Records drawn from a dataset
──────────
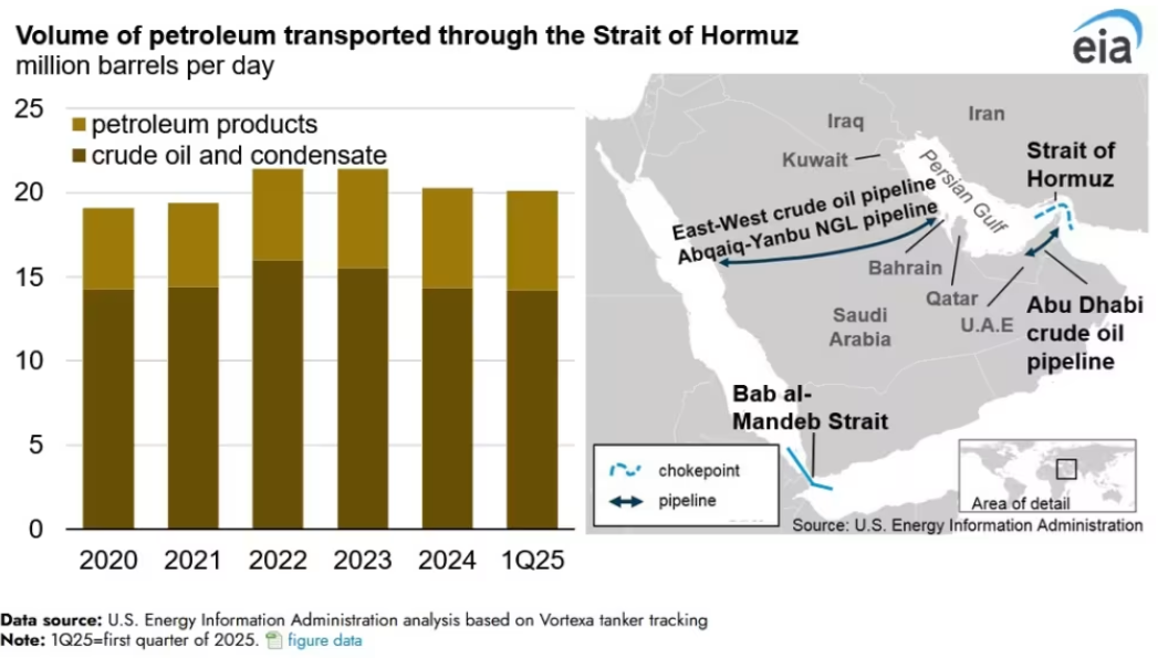 伊朗也有能力阻断通过霍尔木兹海峡的石油运输。根据EIA的数据,2024年通过该海峡的石油流量平均为每天2000万桶,约占全球液体石油消费量的20%。
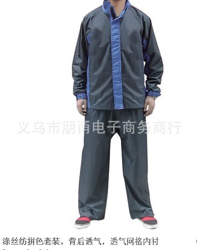 1以上雨衣男女兼用,使用于各种场合,携带方便,多色可选。出口货物均可装箱。面料柔软,遇寒冷不变质,不粘水,干爽舒适,防水性强。
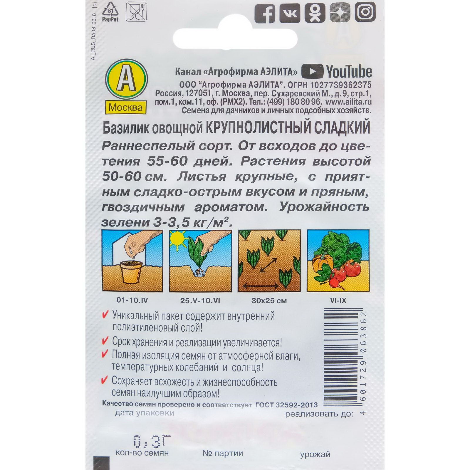 Семена Базилик овощной "Крупнолистный" сладкий "Лидер", 0.2 г, Агрофирма АЭЛИТА, Россия
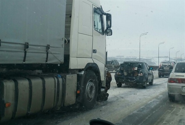 Как сообщают очевидцы, на Президентском мосту произошло ДТП: фура врезалась в «десятку». В результате аварии образовалась пробка.
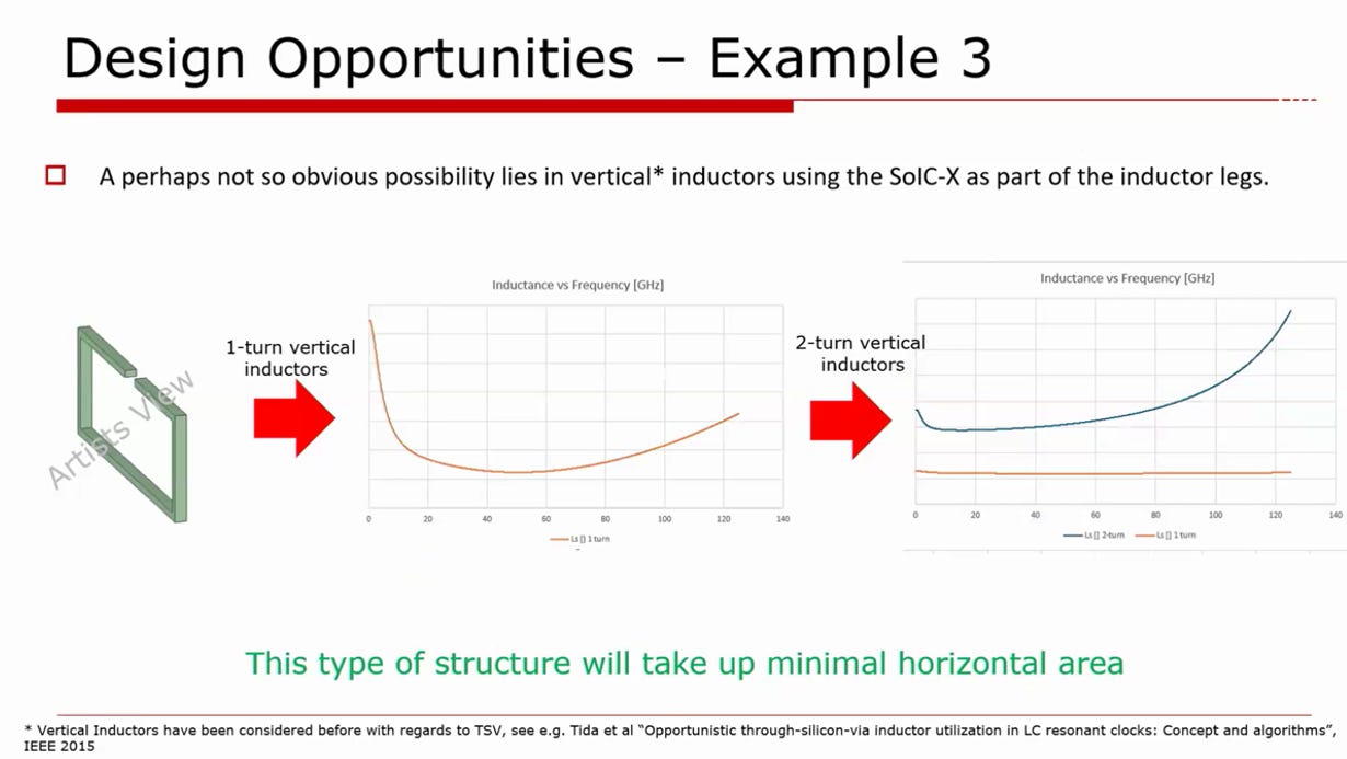 SoIC-X 優勢: 這是一個非常創新的設計概念。工程師直接利用 SoIC-X 介面的銅對銅鍵合柱 (Bonding pads/vias) 作為電感的垂直導電腳 (Inductor legs),結合 EIC 與 PIC 的金屬走線,形成一個跨越兩顆晶片的「垂直線圈」
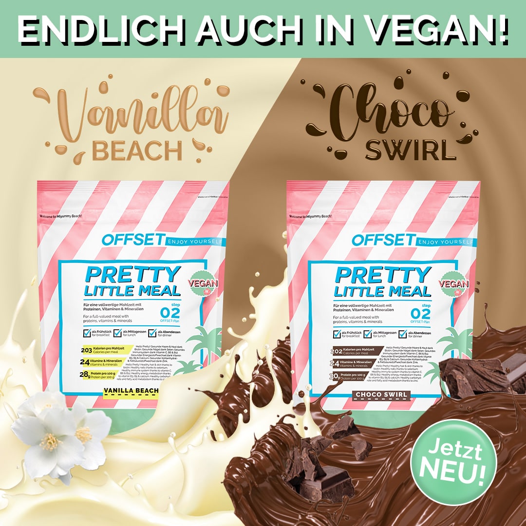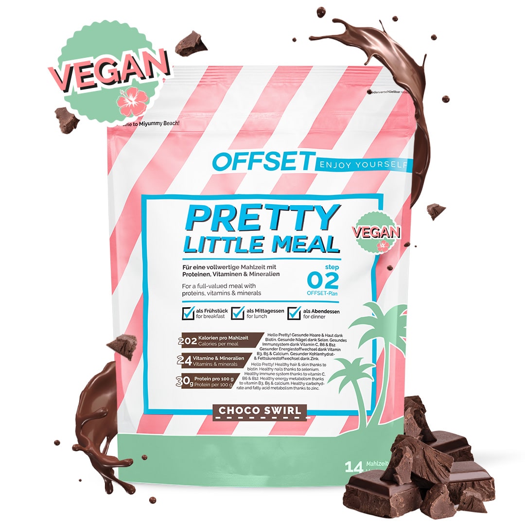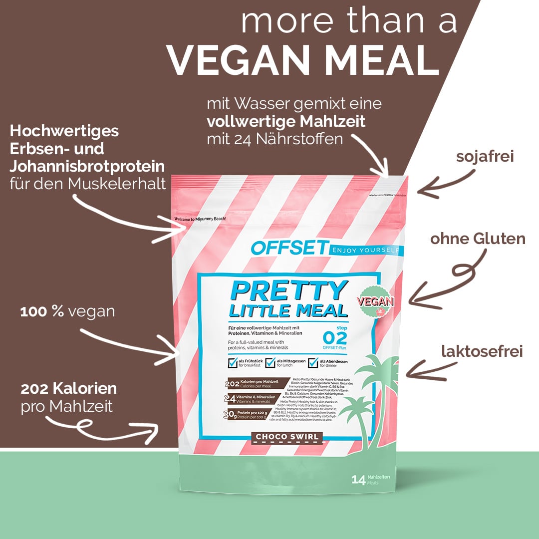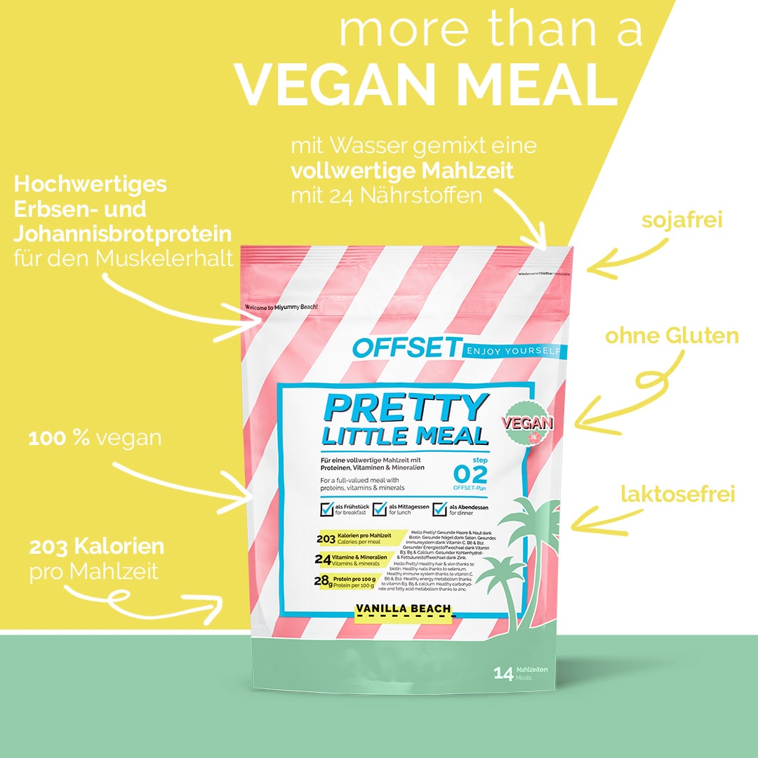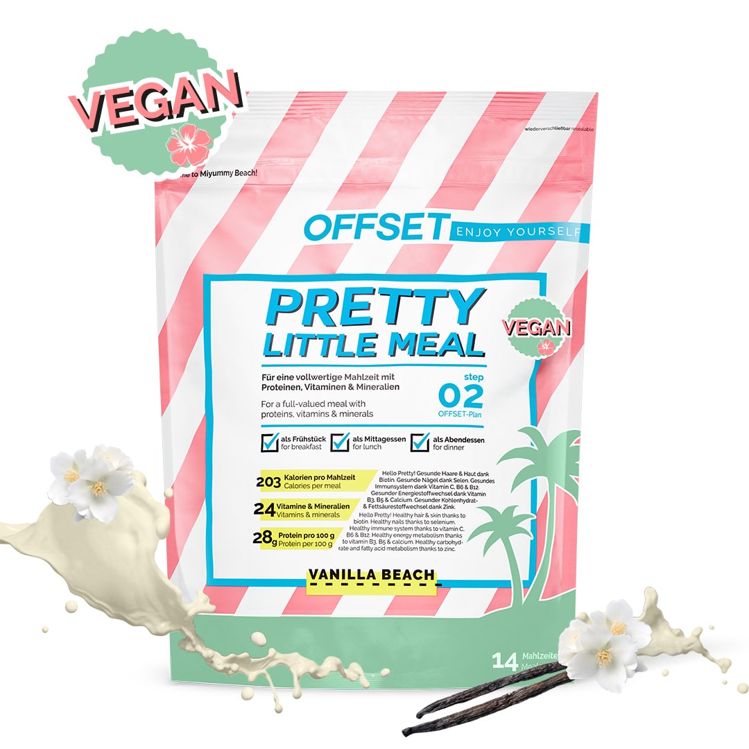 Pretty Little Meal vegan - pretty smart. During your OFFSET plan, you can easily help your body to get rid of sugar. At the same time, you get all the important micro and macronutrients your body needs. In combination with your delicious mixed meals, you can achieve your Pretty New Me.
──────────
**Problem:** Start at the line that contains "SoIC-X 優勢: 這是一個非常創新的設計概念。工程師直接利用" and retype every line through the end of the entries above, both ends included. Exclude all pictures.

**Result:**
 SoIC-X 優勢: 這是一個非常創新的設計概念。工程師直接利用 SoIC-X 介面的銅對銅鍵合柱 (Bonding pads/vias) 作為電感的垂直導電腳 (Inductor legs),結合 EIC 與 PIC 的金屬走線,形成一個跨越兩顆晶片的「垂直線圈」
 Pretty Little Meal vegan - pretty smart. During your OFFSET plan, you can easily help your body to get rid of sugar. At the same time, you get all the important micro and macronutrients your body needs. In combination with your delicious mixed meals, you can achieve your Pretty New Me.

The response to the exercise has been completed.